Masters of the Miiverse
What does the Wii U bring to the online world? Chris Donlan investigates.
One of the more surprising traits of the current generation of console hardware is that the machines themselves have become definite places. Whether it's Xbox Live or the PlayStation Network, they exist in tangible ways even if there's no game sat in the tray or chattering away on the hard drive. The Xbox 360 is forever shedding its skin in this regard, adding and then cutting social features, moving from those swooshing blades through to Metro - not that it's called Metro anymore - in the space of three Gears of War games. PS3, on the other hand, has stuck with the XMB from the start, opting for cold, sleek, slightly impenetrable style, even if Sony's recently decided to give the shop a bit of a seeing to.

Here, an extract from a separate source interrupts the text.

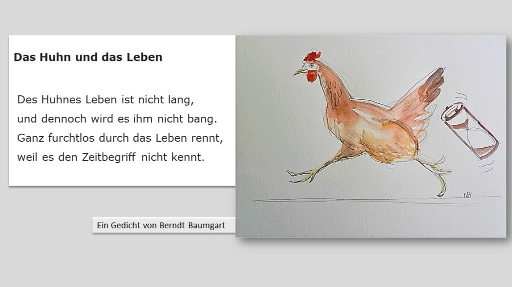 So schwebte er langsam weiter. Über die Straße entlang bis zum nächsten Dorf. Dort spielten Kinder, und Hühner liefen herum. B. schwebte tiefer hinunter. Er konnte die Höhe wechseln. Jetzt hörte er die Kinder schreien und die Hühner gackern. Also konnte er nicht nur denken, sich erinnern, sondern auch hören und sehen. Ein Ball landete vor ihm. Es juckte ihn, er wollte ihn zu den Kindern kicken. Er griff danach. Aber er griff ins Leere. Also konnte er nicht mehr handeln. Jedenfalls nicht mehr in der Welt der Lebenden. Mit dieser Situation musste er zurechtkommen. Sollte das jetzt immer so weitergehen? Ewige Einsamkeit? Diesen Gedanken mochte er nicht. Gewiss, er war zeitlebens (lustig, „zeitlebens“, dieses Wort, dachte er) ein Einzelgänger gewesen, brauchte nicht immer menschliche Gesellschaft. Aber ganz ohne Andere? Ganz allein? Für immer und ewig? Das war selbst für ihn traurig. Soll er jetzt „zeittodes“ auch immer allein sein?

The Wii, meanwhile, opted for an interface that sort of resembled the CCTV room of one of the planet's cleanest shopping malls: neat rows of TV screens flickering with little SD worlds. Now the Wii U's here, however, and the internet's a lot more comprehensively integrated into Nintendo's latest OS. The Wii U's the first console to be born with the age of social media in full flow, in fact, so it probably shouldn't be that surprising that the status update and its ilk have had an impact on the company's thinking. Nintendo's response to all of this, though, does feel rather surprising. With the Miiverse, we're finally seeing Nintendo's answer to PSN and Xbox Live - not to mention Twitter and Facebook - and it's a very Nintendoish kind of answer.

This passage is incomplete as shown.